(Material provided begins)
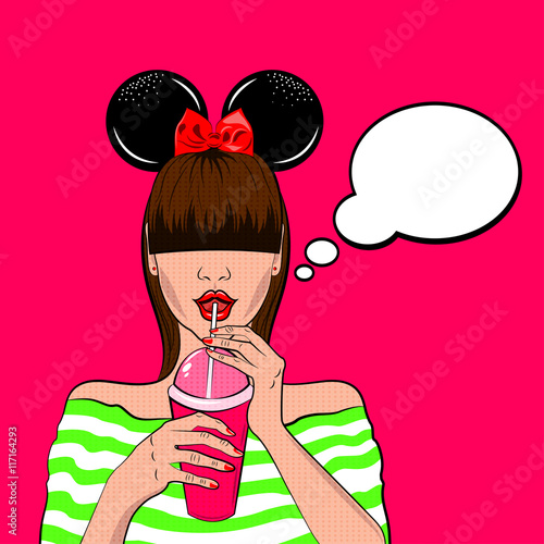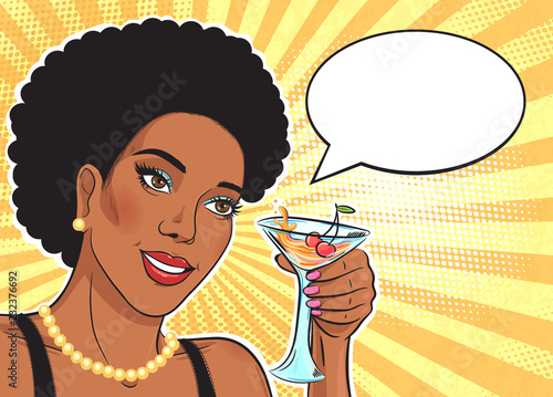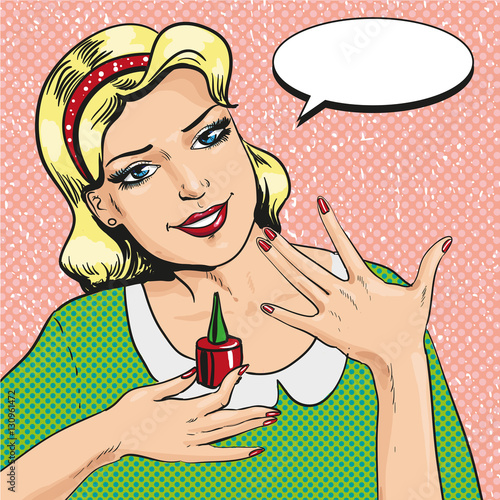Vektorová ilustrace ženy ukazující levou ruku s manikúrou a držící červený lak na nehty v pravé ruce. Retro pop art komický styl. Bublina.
(Material provided ends)
(Material provided begins)
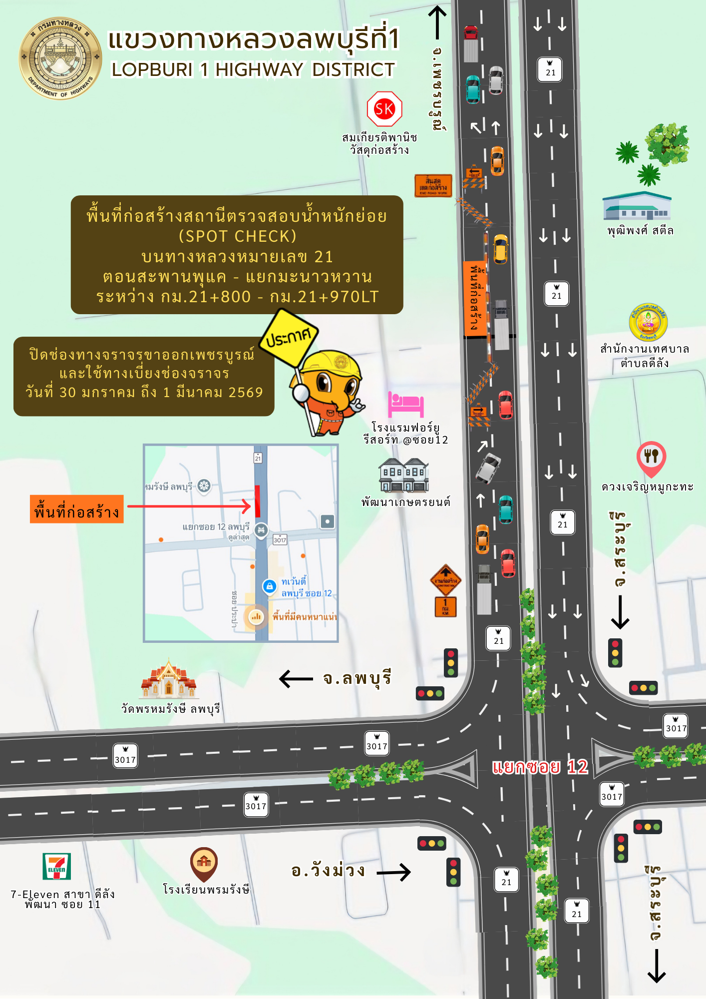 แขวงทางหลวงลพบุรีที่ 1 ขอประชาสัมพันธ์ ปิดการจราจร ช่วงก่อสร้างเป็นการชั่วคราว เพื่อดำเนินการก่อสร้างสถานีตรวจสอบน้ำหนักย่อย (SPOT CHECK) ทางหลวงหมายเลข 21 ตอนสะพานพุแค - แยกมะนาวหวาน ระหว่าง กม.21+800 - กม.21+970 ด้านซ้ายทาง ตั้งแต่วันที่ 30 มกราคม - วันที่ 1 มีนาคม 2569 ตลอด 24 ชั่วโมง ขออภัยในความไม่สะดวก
(Material provided ends)
(Material provided begins)
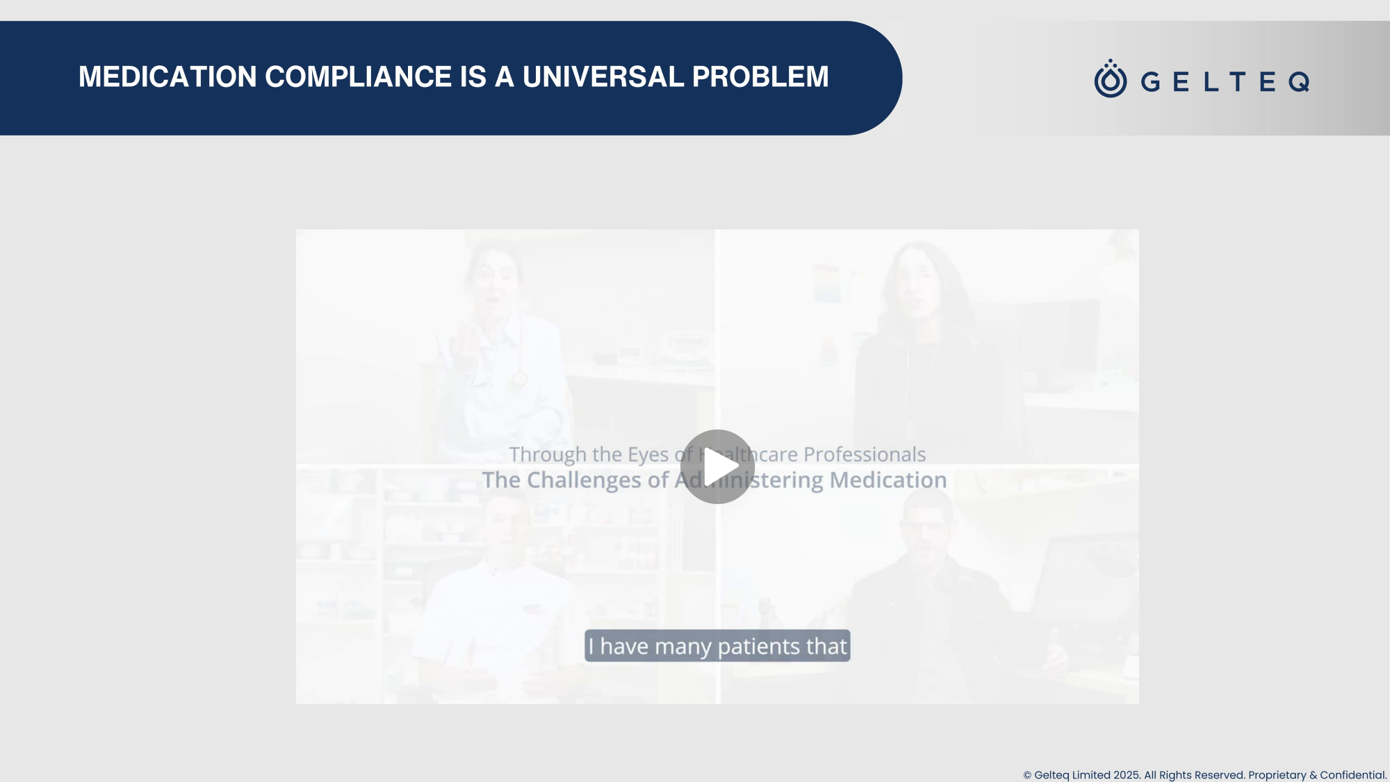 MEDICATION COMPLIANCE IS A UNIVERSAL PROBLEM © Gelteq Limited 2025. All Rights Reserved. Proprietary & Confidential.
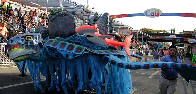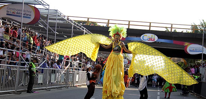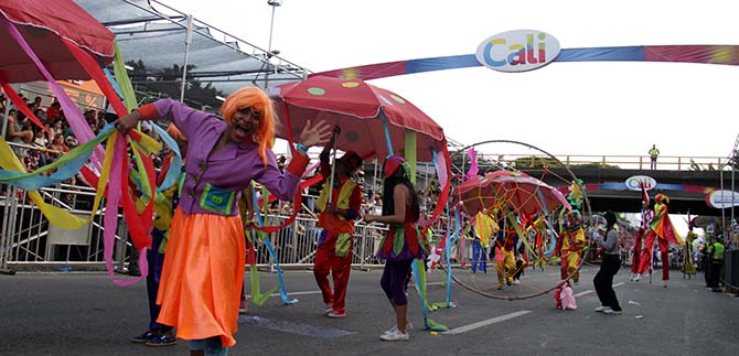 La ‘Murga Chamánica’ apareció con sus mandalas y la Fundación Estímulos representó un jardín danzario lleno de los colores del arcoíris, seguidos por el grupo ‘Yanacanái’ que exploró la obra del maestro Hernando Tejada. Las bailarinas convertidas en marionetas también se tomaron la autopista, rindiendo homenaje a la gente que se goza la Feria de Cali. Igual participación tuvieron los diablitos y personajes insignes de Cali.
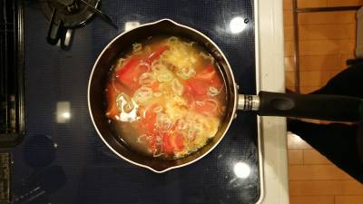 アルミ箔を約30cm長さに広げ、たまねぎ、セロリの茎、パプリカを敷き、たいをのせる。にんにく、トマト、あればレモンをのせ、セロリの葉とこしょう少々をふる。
(Material provided ends)
**Assigned task:** Copy nothing but the lines above that run from the one with "La ‘Murga Chamánica’" to the one with "アルミ箔を約30cm長さに広", ends included; pictures stay out.

**Answer for this exercise:**
 La ‘Murga Chamánica’ apareció con sus mandalas y la Fundación Estímulos representó un jardín danzario lleno de los colores del arcoíris, seguidos por el grupo ‘Yanacanái’ que exploró la obra del maestro Hernando Tejada. Las bailarinas convertidas en marionetas también se tomaron la autopista, rindiendo homenaje a la gente que se goza la Feria de Cali. Igual participación tuvieron los diablitos y personajes insignes de Cali.
 アルミ箔を約30cm長さに広げ、たまねぎ、セロリの茎、パプリカを敷き、たいをのせる。にんにく、トマト、あればレモンをのせ、セロリの葉とこしょう少々をふる。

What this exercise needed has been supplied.